> _What is expected_:
Please write out the data that follows, word for word.
:: Data section ::
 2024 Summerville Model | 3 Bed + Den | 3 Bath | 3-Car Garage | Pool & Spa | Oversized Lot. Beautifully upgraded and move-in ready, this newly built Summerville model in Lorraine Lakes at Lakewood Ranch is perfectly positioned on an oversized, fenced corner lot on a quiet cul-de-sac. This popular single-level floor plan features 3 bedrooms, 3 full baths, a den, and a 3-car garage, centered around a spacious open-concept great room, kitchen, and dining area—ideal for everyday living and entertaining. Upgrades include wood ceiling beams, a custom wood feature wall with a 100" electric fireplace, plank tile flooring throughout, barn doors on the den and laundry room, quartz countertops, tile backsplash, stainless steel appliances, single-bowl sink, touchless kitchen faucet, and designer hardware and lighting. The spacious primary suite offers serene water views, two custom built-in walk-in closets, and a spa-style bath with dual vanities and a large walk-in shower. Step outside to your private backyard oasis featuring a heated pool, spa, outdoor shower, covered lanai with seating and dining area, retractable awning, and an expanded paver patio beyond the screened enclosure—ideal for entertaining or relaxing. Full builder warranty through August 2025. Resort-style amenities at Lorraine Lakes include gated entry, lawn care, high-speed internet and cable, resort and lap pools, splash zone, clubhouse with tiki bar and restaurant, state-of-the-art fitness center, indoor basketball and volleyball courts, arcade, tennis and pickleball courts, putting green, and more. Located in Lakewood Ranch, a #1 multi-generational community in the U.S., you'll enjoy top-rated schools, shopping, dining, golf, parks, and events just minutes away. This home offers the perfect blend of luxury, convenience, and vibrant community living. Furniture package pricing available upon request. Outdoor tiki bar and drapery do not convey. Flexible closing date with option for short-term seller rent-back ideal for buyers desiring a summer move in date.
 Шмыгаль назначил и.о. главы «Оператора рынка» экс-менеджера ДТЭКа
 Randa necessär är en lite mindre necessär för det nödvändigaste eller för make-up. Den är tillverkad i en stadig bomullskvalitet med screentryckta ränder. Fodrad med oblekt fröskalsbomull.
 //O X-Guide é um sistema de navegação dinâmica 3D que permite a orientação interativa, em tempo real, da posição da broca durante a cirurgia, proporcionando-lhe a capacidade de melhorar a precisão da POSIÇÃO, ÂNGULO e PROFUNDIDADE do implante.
:::
> _Output of the task_:
 2024 Summerville Model | 3 Bed + Den | 3 Bath | 3-Car Garage | Pool & Spa | Oversized Lot. Beautifully upgraded and move-in ready, this newly built Summerville model in Lorraine Lakes at Lakewood Ranch is perfectly positioned on an oversized, fenced corner lot on a quiet cul-de-sac. This popular single-level floor plan features 3 bedrooms, 3 full baths, a den, and a 3-car garage, centered around a spacious open-concept great room, kitchen, and dining area—ideal for everyday living and entertaining. Upgrades include wood ceiling beams, a custom wood feature wall with a 100" electric fireplace, plank tile flooring throughout, barn doors on the den and laundry room, quartz countertops, tile backsplash, stainless steel appliances, single-bowl sink, touchless kitchen faucet, and designer hardware and lighting. The spacious primary suite offers serene water views, two custom built-in walk-in closets, and a spa-style bath with dual vanities and a large walk-in shower. Step outside to your private backyard oasis featuring a heated pool, spa, outdoor shower, covered lanai with seating and dining area, retractable awning, and an expanded paver patio beyond the screened enclosure—ideal for entertaining or relaxing. Full builder warranty through August 2025. Resort-style amenities at Lorraine Lakes include gated entry, lawn care, high-speed internet and cable, resort and lap pools, splash zone, clubhouse with tiki bar and restaurant, state-of-the-art fitness center, indoor basketball and volleyball courts, arcade, tennis and pickleball courts, putting green, and more. Located in Lakewood Ranch, a #1 multi-generational community in the U.S., you'll enjoy top-rated schools, shopping, dining, golf, parks, and events just minutes away. This home offers the perfect blend of luxury, convenience, and vibrant community living. Furniture package pricing available upon request. Outdoor tiki bar and drapery do not convey. Flexible closing date with option for short-term seller rent-back ideal for buyers desiring a summer move in date.
 Шмыгаль назначил и.о. главы «Оператора рынка» экс-менеджера ДТЭКа
 Randa necessär är en lite mindre necessär för det nödvändigaste eller för make-up. Den är tillverkad i en stadig bomullskvalitet med screentryckta ränder. Fodrad med oblekt fröskalsbomull.
 //O X-Guide é um sistema de navegação dinâmica 3D que permite a orientação interativa, em tempo real, da posição da broca durante a cirurgia, proporcionando-lhe a capacidade de melhorar a precisão da POSIÇÃO, ÂNGULO e PROFUNDIDADE do implante.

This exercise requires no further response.